Household Businesses and the Informal Sector
The VAT and PIT changes are explicit in who they target. The amendments extend relief directly to household businesses and individual entrepreneurs, a sector that has long operated in a gray zone between formal registration and informal trade. Vietnam’s economy carries a significant layer of this activity, particularly in food, retail, services, and small-scale manufacturing.
This is one of the more consequential parts of the reform, even if it is less discussed in financial commentary. Bringing semi-formal operators into a structured exemption regime, rather than simply taxing them at standard rates when they surface in enforcement actions, changes the incentive to formalize. Complying becomes less costly.

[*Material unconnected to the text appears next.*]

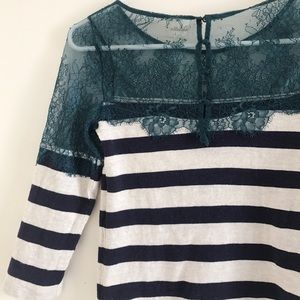 The prettiest Anthropologie Lace Striped blouse. This top is extremely versatile, so easy to dress up or down! Looks really cute with a high waisted mini skirt. The top is a sheer teal/turquoise lace, while the body is a soft knit navy blue and cream color. Body and sleeves are 100% cotton. Lace is 100% Nylon! NWOT, Never worn. Size XS 🌼 Brand Deletta

The threshold mechanism means smaller operators are not immediately hit with full statutory rates the moment they register.

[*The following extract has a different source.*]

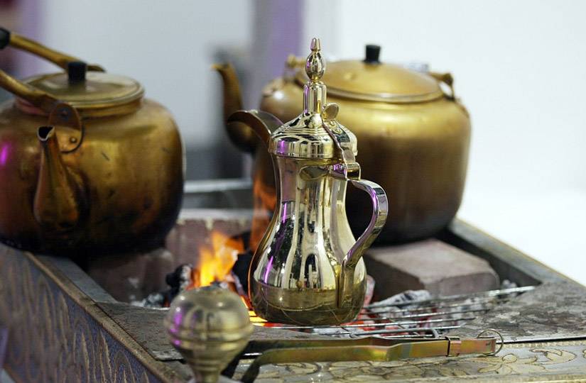 Кофе по-арабски также варят на углях и горячем песке. Однако, в отличие от кочевников, арабы делают это не на костре, а засыпают песок в специальный медный поднос с бортиками, который затем ставят на жаровню.

Whether that translates into measurable formalization will depend on how agencies implement and communicate the thresholds, and on what the exemption floors are actually set at once implementing decrees are issued. Those decrees have not yet been published as of this writing.

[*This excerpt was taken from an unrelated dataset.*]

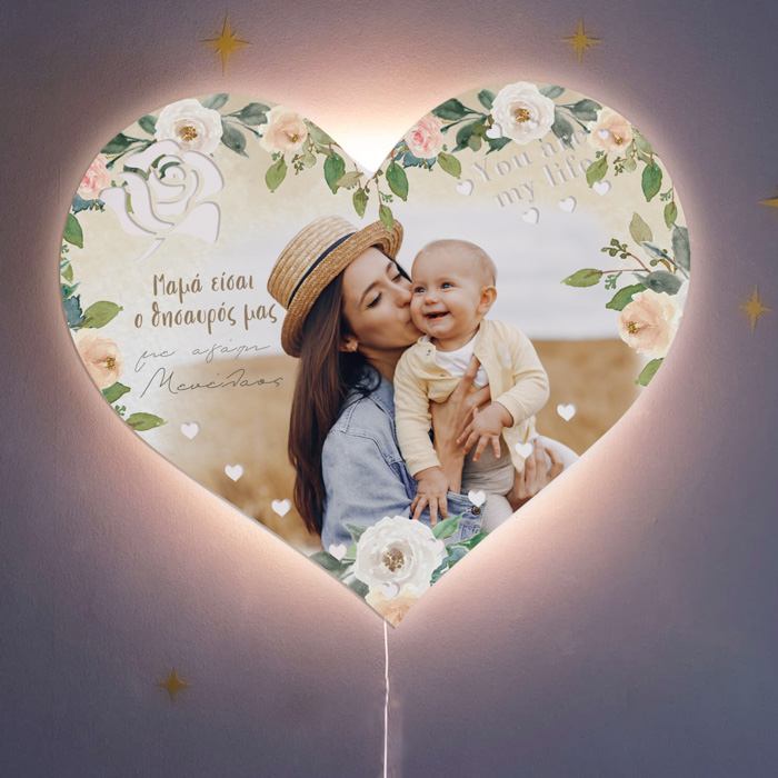 Εντυπωσιακό προσωποποιημένο ξύλινο φωτιστικό σε σχήμα καρδιάς! Ένα μοναδικό δώρο, με την φωτογραφία σας τυπωμένη επάνω, για να χαρίσεις στην αγαπημένη σου μαμά. Θα διακοσμεί το δωμάτιο και θα της θυμίζει πόσο την αγαπάς!

Electric Vehicles and the Special Consumption Tax Roadmap
The special consumption tax amendments address a separate policy priority. Battery electric vehicles with fewer than 24 seats retain preferential SCT treatment under the new framework, but the legislation introduces a staged roadmap for gradual rate increases over time.
This signals something important for anyone tracking Vietnam’s EV market. The government is not removing the preferential treatment, but it is signaling that the current incentive structure has a defined arc. Buyers and manufacturers now have visibility into a trajectory rather than an open-ended benefit.
That staged approach tends to accelerate near-term purchasing decisions. Consumers who were considering an EV purchase in the medium term have a reason to move that timeline forward. For manufacturers and distributors, it sets a planning horizon.
The specific rate figures and the timing of each staged increase are among the details still pending from implementing guidance.
What Requires Further Clarity
Several elements of the legislation remain subject to implementing decrees that have not yet been issued. The exact exemption thresholds for VAT, PIT, and CIT have not been publicly confirmed at the revenue levels the government intends to set. The specific agencies responsible for publishing and adjusting those thresholds, the SCT timetable for BEVs, and any transitional provisions for businesses that have already filed for the January to April 2026 period are outstanding questions.
The retroactivity provision is the most immediate compliance risk.
The retroactivity provision is the most immediate compliance risk. Businesses operating between January 1 and April 24, 2026, were doing so under a different legal framework, or at least a different expectation of one. The amendments change that retroactively, which may create both opportunities and obligations depending on how a business’s revenue falls relative to the thresholds once they are confirmed.
Tax advisors and legal counsel are the appropriate channel for navigating that exposure. The law is passed. The implementing guidance is the next critical document to watch.
A Framework Built for Flexibility, Not Certainty
This is not a reform that gives businesses a clean, simple answer. It gives Vietnam’s government a more adaptable set of tools, which is a different thing entirely.
The design is deliberate. Revenue-based exemption thresholds that can be adjusted administratively are more nimble than fixed statutory rates, but they also require businesses to stay current with regulatory developments rather than planning around a static framework.
For Vietnam’s small business community, the amendments represent genuine structural relief, particularly for household operators who have previously sat outside formal exemption regimes. The shape of that relief will become clearer once the implementing decrees arrive. Until then, the law is in force, the retroactive date has passed, and the planning conversation should already be underway.